DeepSeek's new image recognition mode is currently undergoing limited grayscale testing, sparking considerable interest within the AI community. Even before DeepSeek's official announcement, technical enthusiasts and researchers have been actively uncovering details about the technology behind this "image recognition mode," leading to exciting discoveries.
A significant observation is that DeepSeek's image recognition mode appears to be an independent model, separate from DeepSeek V4 flash/pro. Furthermore, the "future outlook" mentioned in DeepSeek's V4 technical report seems to have been quietly integrated into the product much sooner than anticipated.
Having gained access to the grayscale test, I conducted immediate practical assessments. DeepSeek's image recognition mode offers a toggle for "deep thinking." In "non-thinking mode," this vision model demonstrates remarkably swift processing, delivering answers almost instantaneously with minimal wait time.
What then, are the differences in reasoning capabilities between the "thinking" and "non-thinking" modes?
Reasoning Capabilities Test
We first tackled a spatial reasoning puzzle: which shape needs to be added at the question mark to complete the left cube using the right-side shapes? In "non-thinking mode," DeepSeek quickly provided an answer, but it was incorrect.

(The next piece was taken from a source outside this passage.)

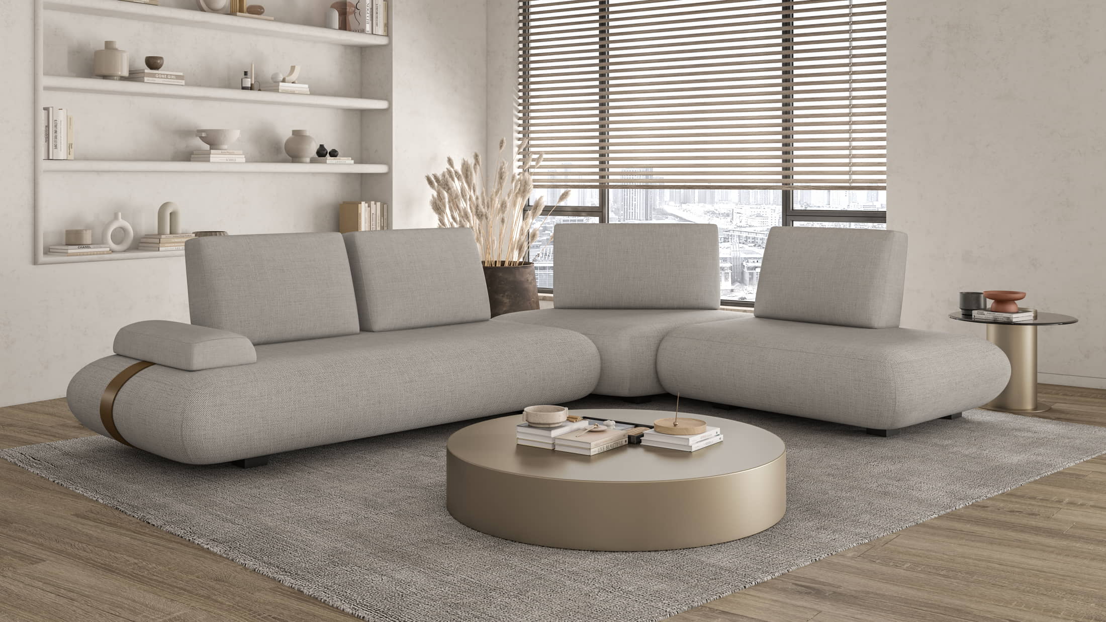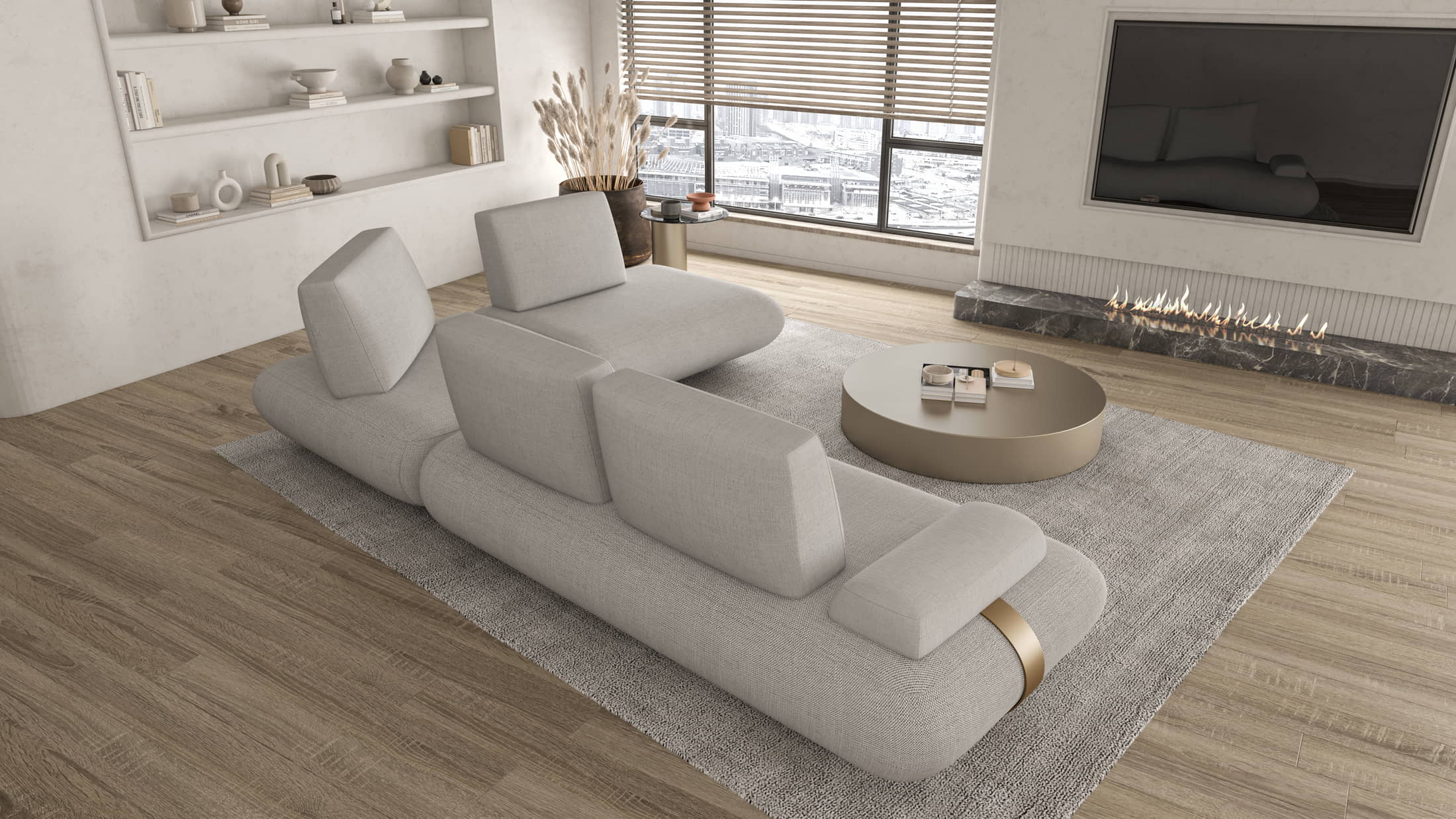 Γωνία σε σχήμα βότσαλου, σε minimal γραμμές που δίνει μια ιδιαίτερη αίσθηση στον χώρο. Αποτελείται από 3 τεμάχια εξωτερικών διαστάσεων 310 x 255 cm.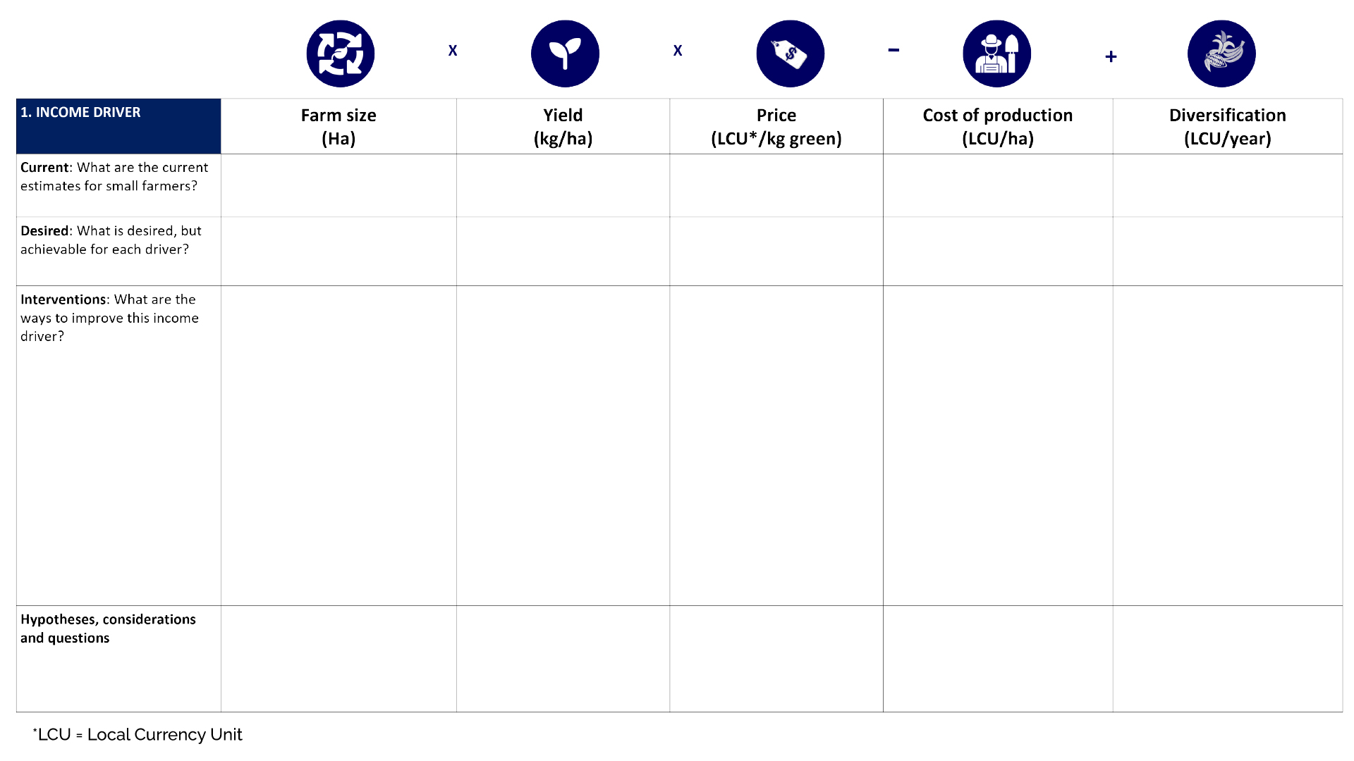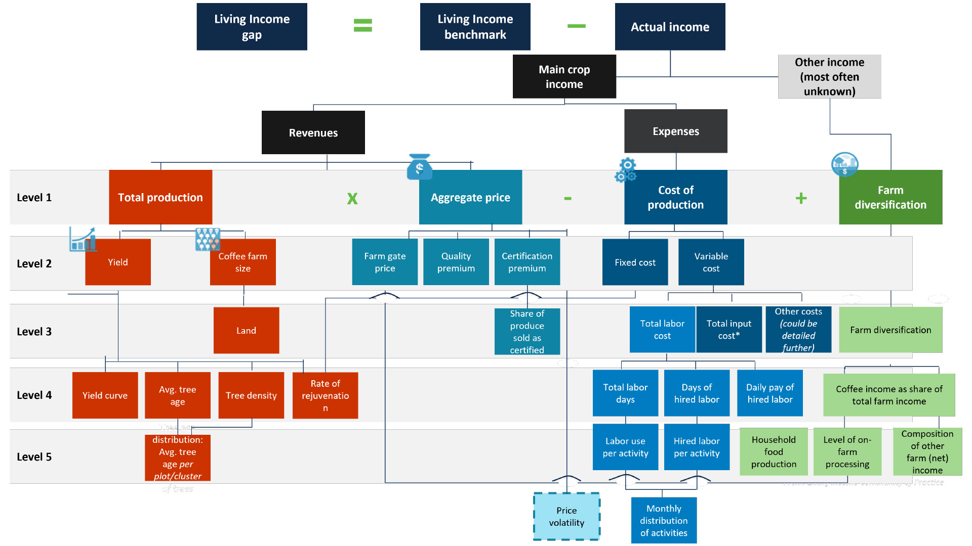 You can do this using a ‘optimization analysis’: determine the ‘constraints’ per farmer archetype as to determine which variables should change by what rate to e.g. reach a living income.

Upon activating "deep thinking mode," DeepSeek successfully solved the puzzle, yielding the correct answer D. However, this process took over four minutes, highlighting the lengthy deliberation involved. Interestingly, the model seemed to have identified the correct answer midway through its reasoning, only to take a circuitous path to its final confirmation.
Next, we tested a "spot the difference" task. In "non-thinking mode," DeepSeek quickly identified seven differences. A closer inspection revealed numerous hallucinations, such as non-existent keys or empty plates.
Switching to "deep thinking mode," DeepSeek found 12 differences in just 16 seconds. Paradoxically, this attempt resulted in even more hallucinations, potentially due to the complexity of the image or the model's current limitations.
Practical Functionality Performance
While the reasoning aspects show room for improvement, how does DeepSeek's image recognition mode perform in practical applications?
We started with OCR (Optical Character Recognition). Feeding an image of DeepSeek V4's technical report abstract into the model, without "deep thinking" enabled, it rapidly recognized the text and even intelligently hyperlinked the open-source reference.
For pure text recognition, its performance was highly reliable. Further testing with tables showed DeepSeek handling them perfectly, outputting structured data neatly formatted in Markdown.
A particularly impressive new feature allows users to provide a webpage screenshot, and DeepSeek can reconstruct the corresponding HTML (achievable even in "non-thinking mode"). Even more remarkably, the buttons within the reconstructed HTML are functional; for example, they can automatically configure and navigate to API documentation links.
DeepSeek also successfully passed a "hidden image" test. However, it occasionally faltered in color blindness tests.
According to the image recognition mode itself, its knowledge cutoff aligns with DeepSeek V4 flash/pro, set to May 2025. Yet, a blogger discovered through its world knowledge that the vision model recognizes a specific individual, whom V4 flash/pro does not. Verification confirmed that V4 flash indeed lacked knowledge of this individual offline, while the image recognition mode could find information dated April 2026.
This strongly suggests that the visual model in the image recognition mode might be independently trained, and its knowledge base potentially more current than the V4 text-only versions.
Faster-Than-Expected Multimodal Progress
Currently, DeepSeek's image recognition mode is still in grayscale testing, with its rollout scope gradually expanding. Frankly, DeepSeek Vision has considerable room for refinement.
However, it's worth recalling DeepSeek's statement in its V4 technical report: "We are also working hard to integrate multimodal capabilities into our models." At the time, many viewed this as a lower-priority goal, acknowledging that prioritizing pure text capabilities with limited resources seemed sensible. Now, it appears DeepSeek's actions and progress in multimodal AI have far exceeded external expectations, remarkable in both speed and depth. This prompts speculation: is DeepSeek also accelerating its exploration of "other new dimensions of model sparsity beyond MoE and sparse attention architectures," as mentioned in its technical papers?